Phillips referenced Stein’s November election victory. Taking away his appointment powers “makes a mockery of the people’s vote,” he said. “How are they to demand accountability?”

In the case of some challenged boards, lawmakers shifted some of the governor’s appointments to the state agriculture and insurance commissioners. Both are now Republicans. In those cases, executive branch officials still control the majority of board appointments.

Stein argues that “the governor and only the governor” can exercise appointment authority over the boards, argued Matthew Tilley on behalf of legislative leaders. “That doesn’t square with the history, text, or structure” of the boards and laws involved in the dispute.

The panel fired questions at both lawyers.

When Phillips argued that court precedents called for the governor to maintain “enough” control over board appointments, Murry responded, “What’s ‘enough’ control?”

As Phillips discussed appointment changes to the state Environmental Management Commission, Carpenter asked, “Can the General Assembly abolish the Environmental Management Commission?” “Yes,” Phillips responded.

If the General Assembly has the power to create or repeal the targeted boards, what about its power to “amend or modify” them, Tyson asked.
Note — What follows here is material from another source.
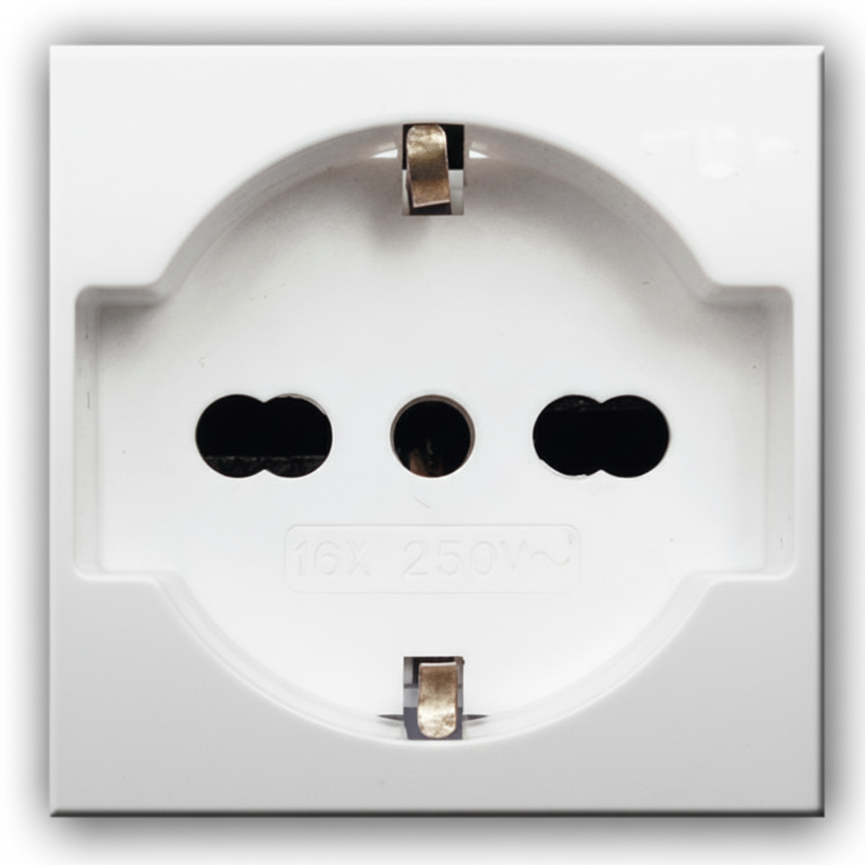 Domus S44 AVE Schuko Bipasso Wall Socket 1M Glossy Finish RAL 9010 Color 2P+T 16A IP44 Metal 10A/3A for Industrial Use EU CN

Cooper filed suit in 2023 to challenge Senate Bill 512 and House Bill 488. He objected to changes that took appointments away from the governor’s office.

The three-judge Superior Court panel upheld changes lawmakers made to the appointment process for the state Environmental Management Commission, Coastal Resources Commission, Wildlife Resources Commission, Commission for Public Health, and a new Residential Code Council. The same panel rejected lawmakers’ changes to the state’s Economic Investment Committee and Board of Transportation.

While Cooper was still in office, all five living former North Carolina governors filed a brief supporting the governor’s arguments in the dispute.

“As the only living former Governors, they take great issue with the notion that the General Assembly can take away the Governor’s executive power, ‘divide’ it up, and ‘allocate’ it to members of the Council of State — the argument that the Superior Court accepted from the General Assembly,” the governors’ lawyers wrote. “[O]nly by disregarding Article III’s text, history, and electoral realities could the Superior Court’s rationale be upheld.”

The John Locke Foundation and North Carolina Institute for Constitutional Law filed a competing brief supporting lawmakers’ legal arguments.

“The Governor’s across-the-board challenge to SB 512 and HB 488 hinges on a theory that the General Assembly may not deprive a governor of any power or jurisdiction of the executive branch,” wrote NCICL’s Jeanette Doran. “Not only is that notion inconsistent with the General Assembly’s power to assign the duties of most executive branch constitutional officers, but it is also unsupported by the language of the Executive Vesting Clause which … contains no express restriction on the General Assembly.”

“If drafters had intended to stop the General Assembly from legislating on the assignments of authority within the executive branch merely because executive power is ‘vested’ in the Governor, then the drafters would have included some language stating the General Assembly had no power to deprive the Governor of any power or jurisdiction that belongs to the entirety of the executive branch. But they didn’t,” Doran added.

“In fact, the constitution assumes the General Assembly has the power to make appointments,” Doran wrote.